By Cody Macomber
The Echo Assistant Sports Editor

It was a scary moment — I’d convinced myself that this would never happen while I was in college. I pondered the pros and cons, just like anyone else would do, but then again, it was 4 a.m. I wasn’t exactly thinking straight.

I was at work, dragging along, with three hours left before I could leave. Straight torture, honestly. I’d already worked eight hours, and by this point my arms were nothing more than weight I had to hold up.

I looked at the temptation sitting there. I knew it would help me immediately to finish my shift effectively. Was I really willing to give up my integrity to finish the shift?

As my head bobbed like an apple on water, I decided I had no other choice. I couldn’t fall asleep on the job.

I drank the cup of coffee.

You may sit back wondering why I make such a big deal over such a common practice. So many people feed off of the caffeine just to survive the daily grind.

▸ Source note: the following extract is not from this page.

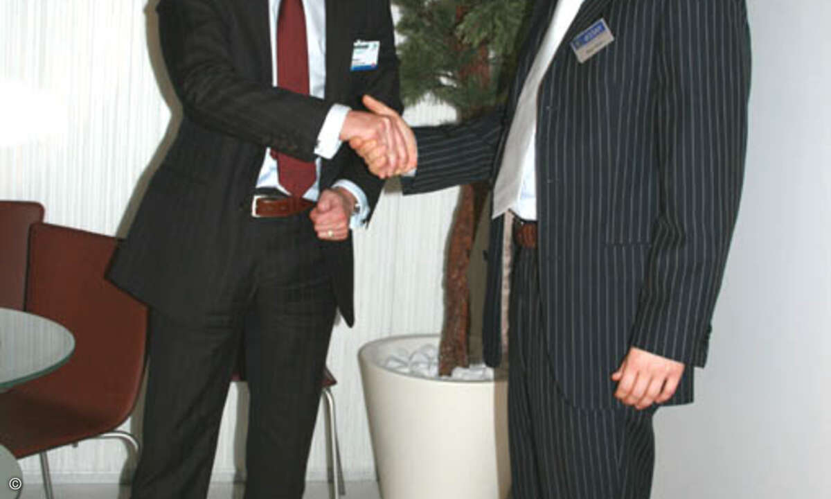 BMC Software vertreibt erstmals über einen Distributor. Tech Data bekam den Zuschlag als Exklusivdistributor, was BMC-Geschäftsführer Oliver Strand (li.) und Azlan-Geschäftsführer Marc Müller mit Handschlag besiegelten.
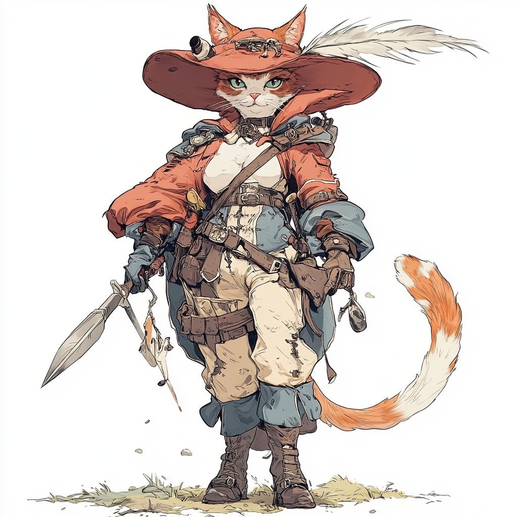 Автоперевод: Фэнтезийная концепция иллюстрация, женская, гуманоидная кошка, табакси, мех тэгдолл кот, храбрый, ведьма, пиратская одежда, большая шляпа с пером, кожаная броня, узлов в руках, стиль осьминога, белый фон, высокое качество, преувеличенная боевая поза

That’s the thing for me: I don’t want to be so many people. I don’t want to depend on a drink to keep me going and to keep me engaged throughout the day.

That 11-hour shift though.

As a kid, I found great interest in sports. I wanted to be the next great athlete.

One thing that I saw across all sports, other than the size of their biceps, was that they all seemed to be at least  six feet tall.

I was that kid that looked up how to help my growth, and one thing I read was that coffee stunted your growth.

I wasn’t taking chances, no matter how credible the source.

After that decision as a child, and seeing how dependent people became on that “morning cup o’ joe,” I was dead-set on anything reasonable other than coffee.

That 11-hour shift though.

I pumped 6 servings of creamer into the cup and stirred until the liquid became a creamy, light brown.

I told myself, “You’re not a coffee-dependent monster. You just had a busy day. You deserve this.”

But I think that’s how it starts for everyone: convincing yourself that it’s just one time.

I’ve compromised my coffee-resisting morals a few more times since then. I mean, graveyard shifts are correctly named.

Don’t worry about me though. They say the best way to heal from an addiction is to first acknowledge the problem.

I do have a problem: college is too tedious, work shifts are too long, naps are too short… I need coffee.